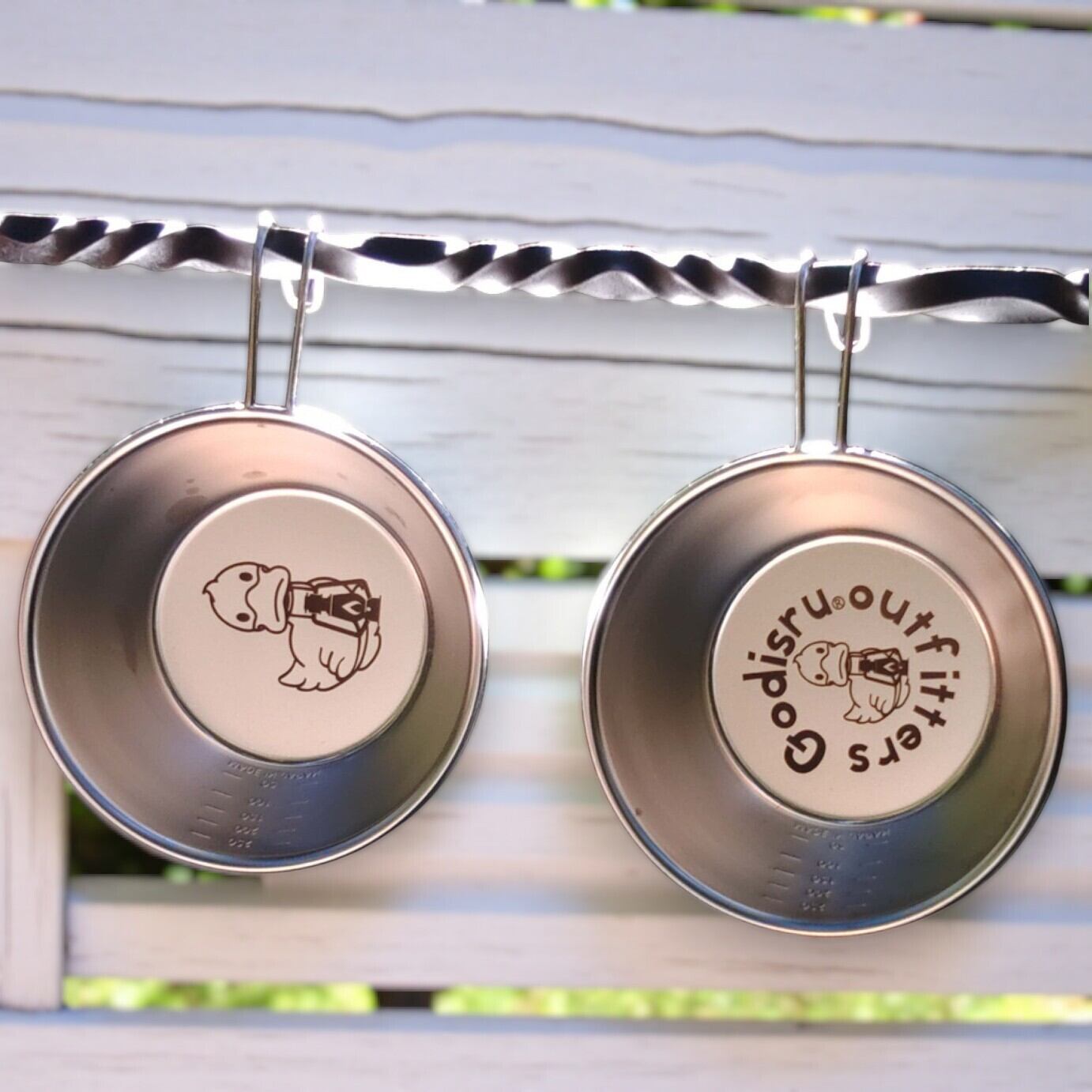 オリジナルのGodisruロゴとゴディダックがデザインされたステンレス製のシェラカップ。
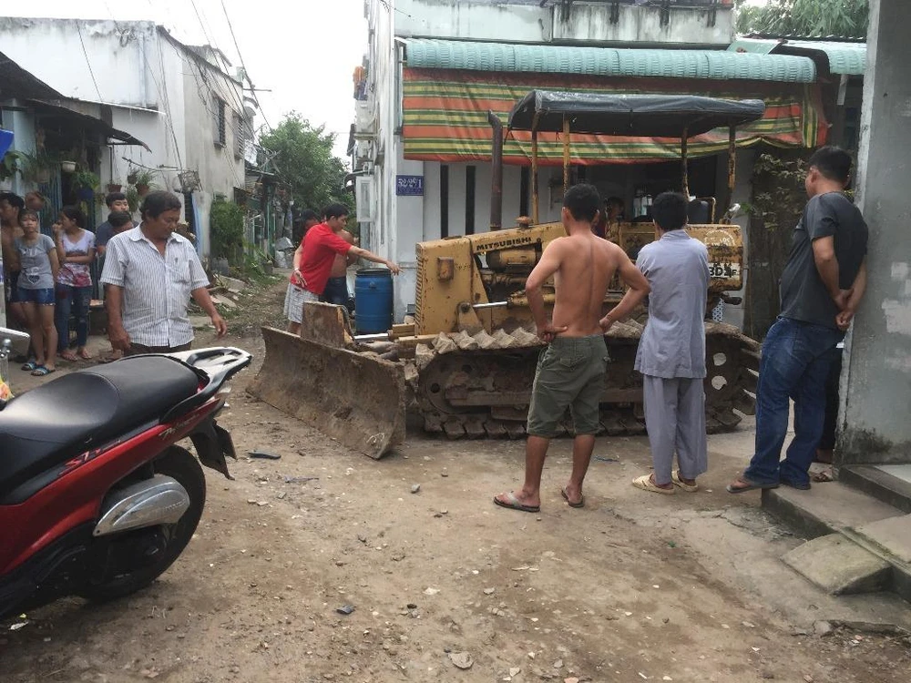 Khoảng 16 giờ 30 chiều 12-8, tại hẻm 70/551 đường Lê Văn Khương, phường Hiệp Thành, quận 12 (TP.HCM), nhiều trẻ leo lên một máy gạt đất để chơi đùa.
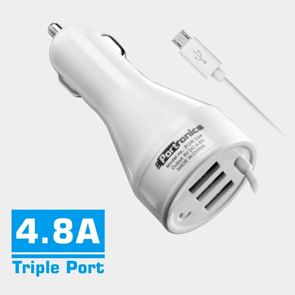 PORTRONICS CAR POWER II 4.8A CAR CHARGER WITH MICRO USB CABLE & 3 USB PORTS
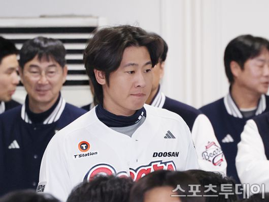 [스포츠투데이 권광일 기자] 15일 서울 잠실야구장에서 열린 두산 베어스 시무식에 박찬호가 입장하고 있다. 2026.01.15. [스포츠투데이 권광일 기자 sports@stoo.com]
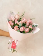¡Delicado ramo de 12 rosas, presentado con follaje fino y envoltura única, ideal para ocasiones especiales!
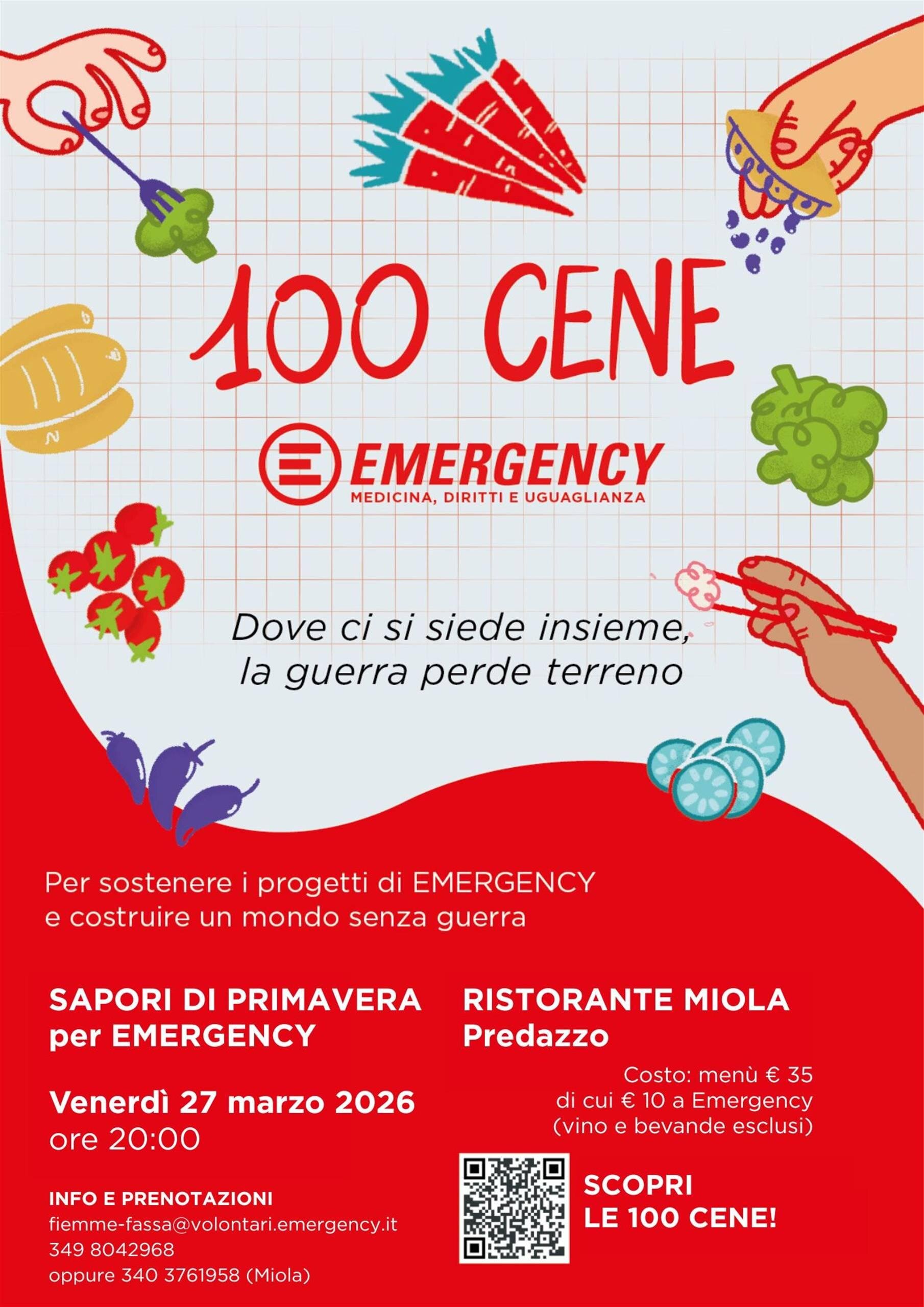 Prenotazione obbligatoria, presso il Ristorante Miola (340 3761958) oppure tramite i volontari del Gruppo Fiemme e Fassa (349 8042968 - fiemme-fassa@volontari.emergency.it)
☆ ☆ ☆ ☆
### Task brief
Print out every record above exactly as given. Do not include the pictures.

### Solution to this task
 オリジナルのGodisruロゴとゴディダックがデザインされたステンレス製のシェラカップ。
 Khoảng 16 giờ 30 chiều 12-8, tại hẻm 70/551 đường Lê Văn Khương, phường Hiệp Thành, quận 12 (TP.HCM), nhiều trẻ leo lên một máy gạt đất để chơi đùa.
 PORTRONICS CAR POWER II 4.8A CAR CHARGER WITH MICRO USB CABLE & 3 USB PORTS
 [스포츠투데이 권광일 기자] 15일 서울 잠실야구장에서 열린 두산 베어스 시무식에 박찬호가 입장하고 있다. 2026.01.15. [스포츠투데이 권광일 기자 sports@stoo.com]
¡Delicado ramo de 12 rosas, presentado con follaje fino y envoltura única, ideal para ocasiones especiales!
 Prenotazione obbligatoria, presso il Ristorante Miola (340 3761958) oppure tramite i volontari del Gruppo Fiemme e Fassa (349 8042968 - fiemme-fassa@volontari.emergency.it)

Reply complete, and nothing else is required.